* To do
In the records below, the lines between the one holding "デイリーライク Dailylike JELLY" and the one holding "UNISUN 修正带 替芯5个装 涂改方便,使用不易断裂", inclusive, are to be transcribed exactly; no pictures are to be included.

[Opening Records for the task section]

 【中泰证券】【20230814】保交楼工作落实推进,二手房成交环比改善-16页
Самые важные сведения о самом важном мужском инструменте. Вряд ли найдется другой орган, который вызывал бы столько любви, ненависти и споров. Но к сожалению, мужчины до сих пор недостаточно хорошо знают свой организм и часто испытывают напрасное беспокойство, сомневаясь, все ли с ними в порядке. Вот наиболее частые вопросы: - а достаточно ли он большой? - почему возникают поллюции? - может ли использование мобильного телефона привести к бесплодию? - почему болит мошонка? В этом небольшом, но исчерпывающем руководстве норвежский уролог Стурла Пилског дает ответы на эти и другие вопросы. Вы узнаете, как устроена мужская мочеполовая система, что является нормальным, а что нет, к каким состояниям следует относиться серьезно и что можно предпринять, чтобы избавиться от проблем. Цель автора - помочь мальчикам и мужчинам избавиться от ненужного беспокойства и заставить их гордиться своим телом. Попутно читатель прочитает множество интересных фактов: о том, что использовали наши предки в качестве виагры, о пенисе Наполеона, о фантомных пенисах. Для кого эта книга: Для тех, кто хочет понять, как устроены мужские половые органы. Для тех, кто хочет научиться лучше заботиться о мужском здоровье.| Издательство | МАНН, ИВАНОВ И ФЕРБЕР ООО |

[Closing Records for the task section]
[Opening Records for the task section]

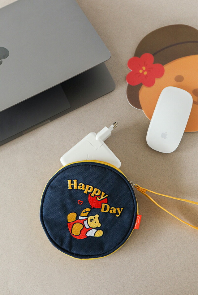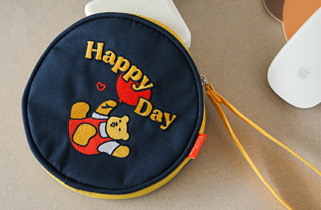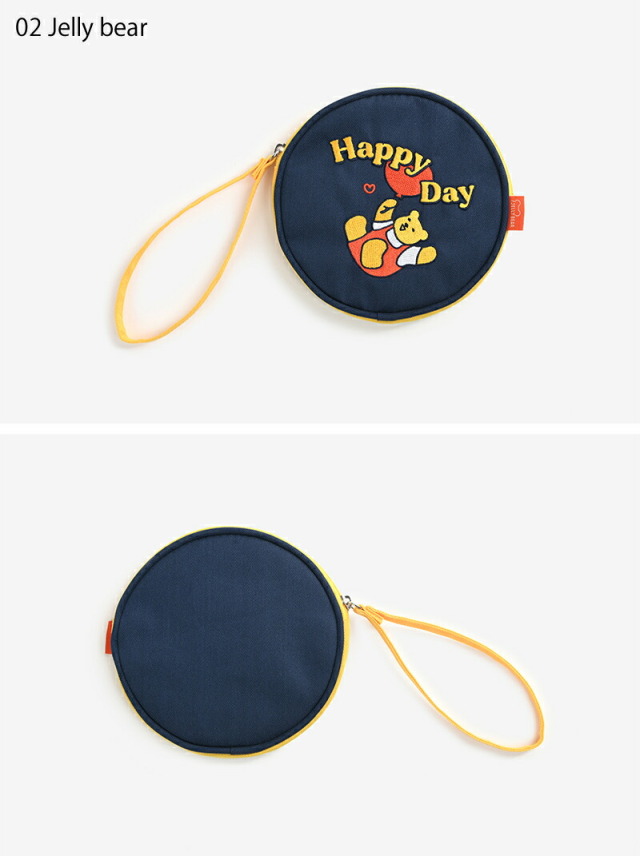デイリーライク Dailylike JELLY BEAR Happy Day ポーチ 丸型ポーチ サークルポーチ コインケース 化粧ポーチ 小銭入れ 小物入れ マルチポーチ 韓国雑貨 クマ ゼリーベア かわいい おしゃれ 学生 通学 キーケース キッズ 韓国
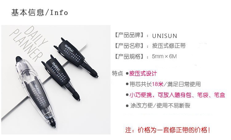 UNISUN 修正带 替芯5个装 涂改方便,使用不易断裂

[Closing Records for the task section]
[Opening Records for the task section]

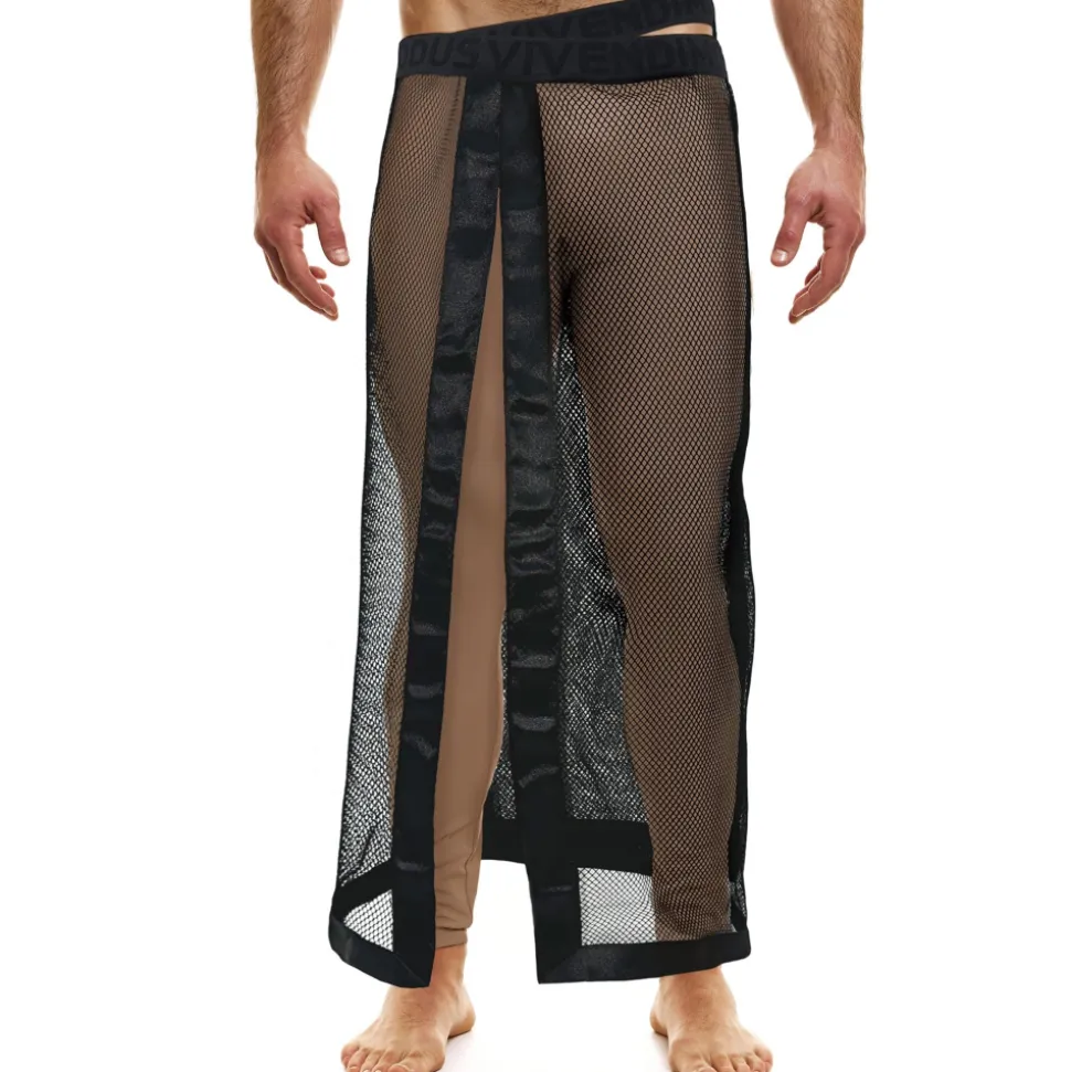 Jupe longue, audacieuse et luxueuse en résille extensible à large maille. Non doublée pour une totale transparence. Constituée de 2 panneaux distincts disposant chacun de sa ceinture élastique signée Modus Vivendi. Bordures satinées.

[Closing Records for the task section]

* Task output
デイリーライク Dailylike JELLY BEAR Happy Day ポーチ 丸型ポーチ サークルポーチ コインケース 化粧ポーチ 小銭入れ 小物入れ マルチポーチ 韓国雑貨 クマ ゼリーベア かわいい おしゃれ 学生 通学 キーケース キッズ 韓国
 UNISUN 修正带 替芯5个装 涂改方便,使用不易断裂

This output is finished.